→ EXERCISE DETAILS
Drop every picture, then repeat the records exactly.

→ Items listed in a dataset
**********

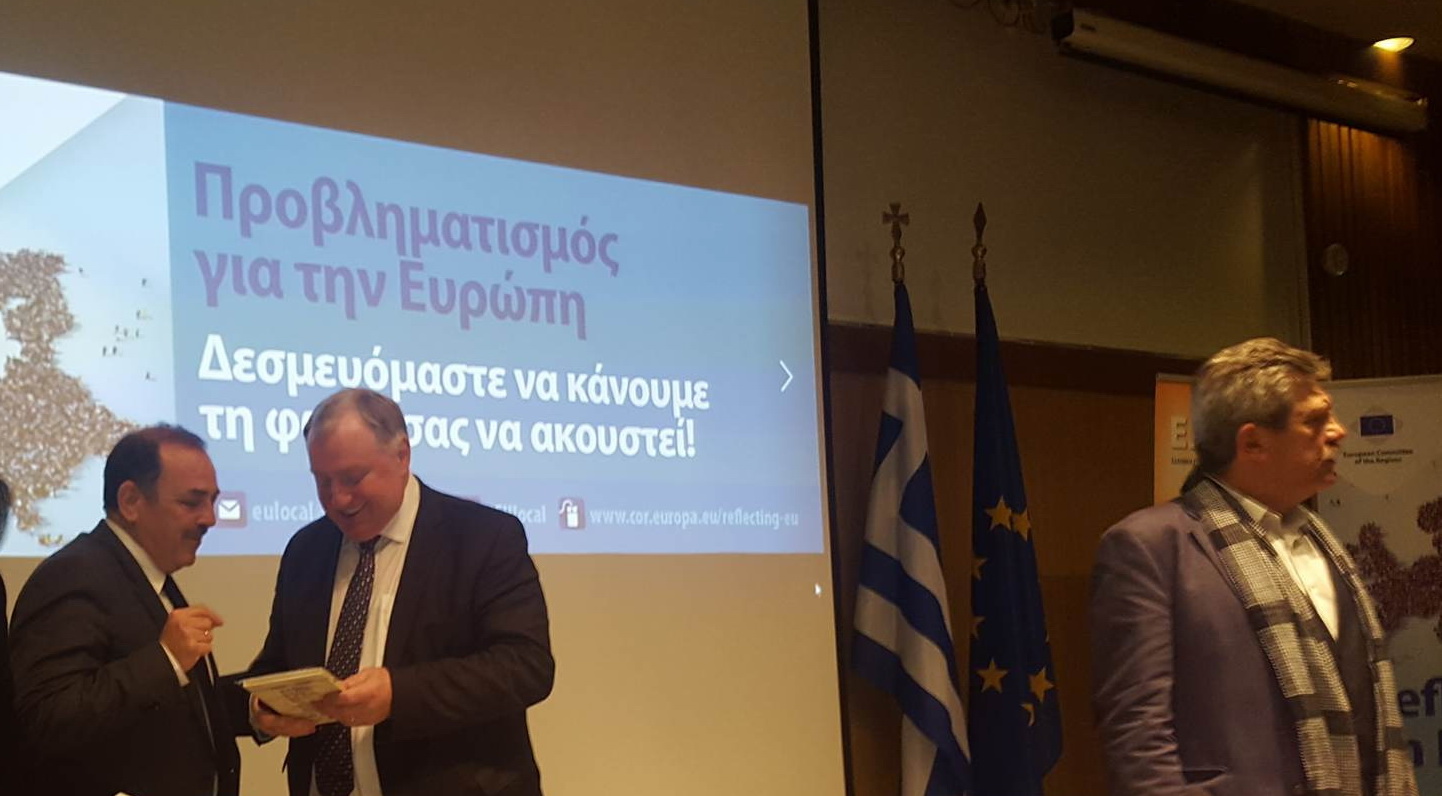 ΔΕΛΤΙΟ ΤΥΠΟΥ-Θέμα : Τη στήριξη του Προέδρου της Επιτροπής Περιφερειών για τους μειωμένους συντελεστές ΦΠΑ ζήτησε ο Δήμαρχος Ρόδου. Στα πλαίσια του συνεδρίου, που διοργάνωσε η Ευρωπαϊκή Επιτροπή Περιφερειών με την Ε.Ε.Τ.Α. Α. στην Αθήνα την 1-3-2018, με θέμα : ΤΟ ΜΕΛΛΟΝ ΤΗΣ ΕΥΡΩΠΗΣ, ο δήμαρχος Ρόδου και μέλος της επιτροπής Περιφερειών είχε κατ ιδίαν συνάντηση με τον πρόεδρο της Ευρωπαϊκής Επιτροπής και επί 38 χρόνια Βέλγο πολιτικό Karl – Heinz Lambertz. Στη συνάντηση, ο δήμαρχος ζήτησε τη στήριξη του προέδρου και της επιτροπής Περιφερειών κατά τη συζήτηση της αναφοράς που υπέβαλαν οι Περιφερειακές Ενώσεις Δήμων Νοτίου και Βορείου Αιγαίου στη Κομισιόν και στις ειδικές επιτροπές του Ευρωπαϊκού Κοινοβουλίου για την κατάργηση των μειωμένων συντελεστών ΦΠΑ, η οποία θα συζητηθεί τους επόμενους μήνες. Ο πρόεδρος δήλωσε τη στήριξη του προς τα νησιά του Αιγαίου και ο δήμαρχος αφού τον ευχαρίστησε τον προσκάλεσε να πραγματοποιήσει ανάλογη εκδήλωση για την Ευρώπη στη Ρόδο, την οποία και αποδέχτηκε, δηλώνοντας φίλος και λάτρης των νησιών του Αιγαίου.
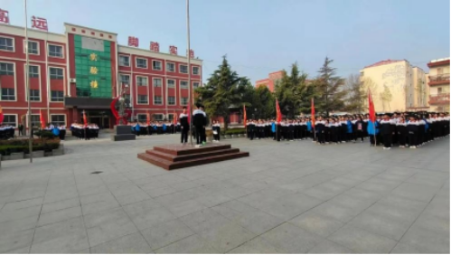 4月1日(星期一)的早晨,旭日东升,空气清新,实中三个年级54个教学班齐聚行知广场,举行了庄重严肃的升国旗仪式。党支部书记、校长周彦伟同志号召实中学子发奋学习,以实际行动缅怀先烈。校团委书记彭丽娜启动了“网上祭英烈”活动,号召同学们趁清明节当日假期,网上给革命先烈敬礼、献花等。
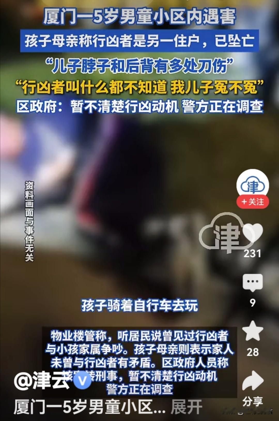 厦门市同安区某小区发生一起凶杀案,一名5岁的男孩被同小区的邻居杀害。 12月29日傍晚,这个5岁的小男孩像往常一样,带着自行车和奶奶一起到楼下玩耍。20时许,小男孩被一名59岁的女子张某持刀杀害,小男孩的脖子和后背有多处刀伤。张某杀害小男孩之后,自己也跳楼自杀了。 张某为什么要杀害小男孩呢?有居民反映可能是张某与小男孩家属有矛盾,物业楼管称,有居民曾听到犯罪嫌疑人张某与小男孩家属争吵过,而小男孩的母亲却否认了这一点,并表示连“行凶者叫什么都不知道”。案件正在侦查之中,相信真实原因很快就会水落石出。 不过我认为,张某的行凶不外乎两个原因:一是患有精神病;二是因为大人之间的矛盾而行凶。 如果是前一个原因,小区物业和张某的监护人就有管理责任。如果是后一个原因,这个张某就太冲动太残忍太没有法律意识啦,不管大人之间有什么矛盾,都不应该动手杀人,更何况还是杀的一个无辜的手无缚鸡之力的小男孩。
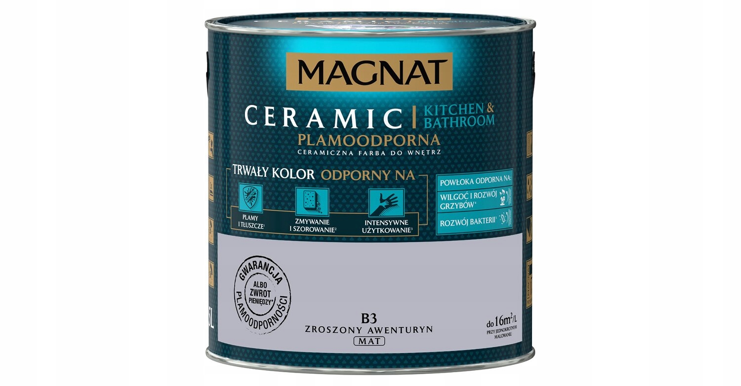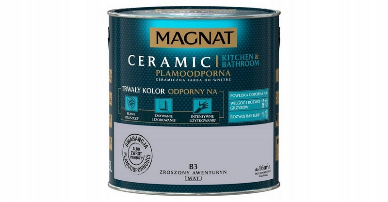 Emulsja Kitchen Bathroom w kolorze burzliwy hematyt to ceramiczna farba tworząca powłoki o hydrofobowych właściwościach, która polecana jest szczególnie do dekoracyjno - ochronnego malowania ścian i sufitów wewnątrz pomieszczeń narażonych na okresowo zwiększające się zawilgocenie i kondensację pary wodnej, jak: łazienki, pralnie czy kuchnie. Produkt ponadto charakteryzuje się ponadprzeciętnymi parametrami odporności na plamy, ścieranie oraz odpornością na środki dezynfekujące. Pomalowane nią ściany na długo pozostają czyste, a ich kolor wyrazisty i świeży.
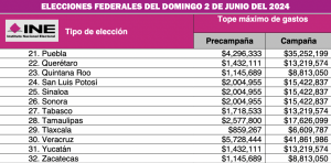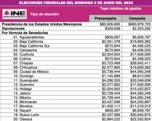 En tanto que para las campañas de senadores el tope de gastos más alto corresponde a Ciudad de México, Jalisco y Estado de México con 44 millones 65 mil 248 pesos pora cada candidato en cada una de esas tres entidades. Las campañas para senadores de más bajo tope de gastos campaña son las de Baja California Sur, Campeche y Colima, con un monto de 4 millones 406 mil 525 pesos.

**********

→ WRITTEN REPLY
 ΔΕΛΤΙΟ ΤΥΠΟΥ-Θέμα : Τη στήριξη του Προέδρου της Επιτροπής Περιφερειών για τους μειωμένους συντελεστές ΦΠΑ ζήτησε ο Δήμαρχος Ρόδου. Στα πλαίσια του συνεδρίου, που διοργάνωσε η Ευρωπαϊκή Επιτροπή Περιφερειών με την Ε.Ε.Τ.Α. Α. στην Αθήνα την 1-3-2018, με θέμα : ΤΟ ΜΕΛΛΟΝ ΤΗΣ ΕΥΡΩΠΗΣ, ο δήμαρχος Ρόδου και μέλος της επιτροπής Περιφερειών είχε κατ ιδίαν συνάντηση με τον πρόεδρο της Ευρωπαϊκής Επιτροπής και επί 38 χρόνια Βέλγο πολιτικό Karl – Heinz Lambertz. Στη συνάντηση, ο δήμαρχος ζήτησε τη στήριξη του προέδρου και της επιτροπής Περιφερειών κατά τη συζήτηση της αναφοράς που υπέβαλαν οι Περιφερειακές Ενώσεις Δήμων Νοτίου και Βορείου Αιγαίου στη Κομισιόν και στις ειδικές επιτροπές του Ευρωπαϊκού Κοινοβουλίου για την κατάργηση των μειωμένων συντελεστών ΦΠΑ, η οποία θα συζητηθεί τους επόμενους μήνες. Ο πρόεδρος δήλωσε τη στήριξη του προς τα νησιά του Αιγαίου και ο δήμαρχος αφού τον ευχαρίστησε τον προσκάλεσε να πραγματοποιήσει ανάλογη εκδήλωση για την Ευρώπη στη Ρόδο, την οποία και αποδέχτηκε, δηλώνοντας φίλος και λάτρης των νησιών του Αιγαίου.
 4月1日(星期一)的早晨,旭日东升,空气清新,实中三个年级54个教学班齐聚行知广场,举行了庄重严肃的升国旗仪式。党支部书记、校长周彦伟同志号召实中学子发奋学习,以实际行动缅怀先烈。校团委书记彭丽娜启动了“网上祭英烈”活动,号召同学们趁清明节当日假期,网上给革命先烈敬礼、献花等。
 厦门市同安区某小区发生一起凶杀案,一名5岁的男孩被同小区的邻居杀害。 12月29日傍晚,这个5岁的小男孩像往常一样,带着自行车和奶奶一起到楼下玩耍。20时许,小男孩被一名59岁的女子张某持刀杀害,小男孩的脖子和后背有多处刀伤。张某杀害小男孩之后,自己也跳楼自杀了。 张某为什么要杀害小男孩呢?有居民反映可能是张某与小男孩家属有矛盾,物业楼管称,有居民曾听到犯罪嫌疑人张某与小男孩家属争吵过,而小男孩的母亲却否认了这一点,并表示连“行凶者叫什么都不知道”。案件正在侦查之中,相信真实原因很快就会水落石出。 不过我认为,张某的行凶不外乎两个原因:一是患有精神病;二是因为大人之间的矛盾而行凶。 如果是前一个原因,小区物业和张某的监护人就有管理责任。如果是后一个原因,这个张某就太冲动太残忍太没有法律意识啦,不管大人之间有什么矛盾,都不应该动手杀人,更何况还是杀的一个无辜的手无缚鸡之力的小男孩。
 Emulsja Kitchen Bathroom w kolorze burzliwy hematyt to ceramiczna farba tworząca powłoki o hydrofobowych właściwościach, która polecana jest szczególnie do dekoracyjno - ochronnego malowania ścian i sufitów wewnątrz pomieszczeń narażonych na okresowo zwiększające się zawilgocenie i kondensację pary wodnej, jak: łazienki, pralnie czy kuchnie. Produkt ponadto charakteryzuje się ponadprzeciętnymi parametrami odporności na plamy, ścieranie oraz odpornością na środki dezynfekujące. Pomalowane nią ściany na długo pozostają czyste, a ich kolor wyrazisty i świeży.
 En tanto que para las campañas de senadores el tope de gastos más alto corresponde a Ciudad de México, Jalisco y Estado de México con 44 millones 65 mil 248 pesos pora cada candidato en cada una de esas tres entidades. Las campañas para senadores de más bajo tope de gastos campaña son las de Baja California Sur, Campeche y Colima, con un monto de 4 millones 406 mil 525 pesos.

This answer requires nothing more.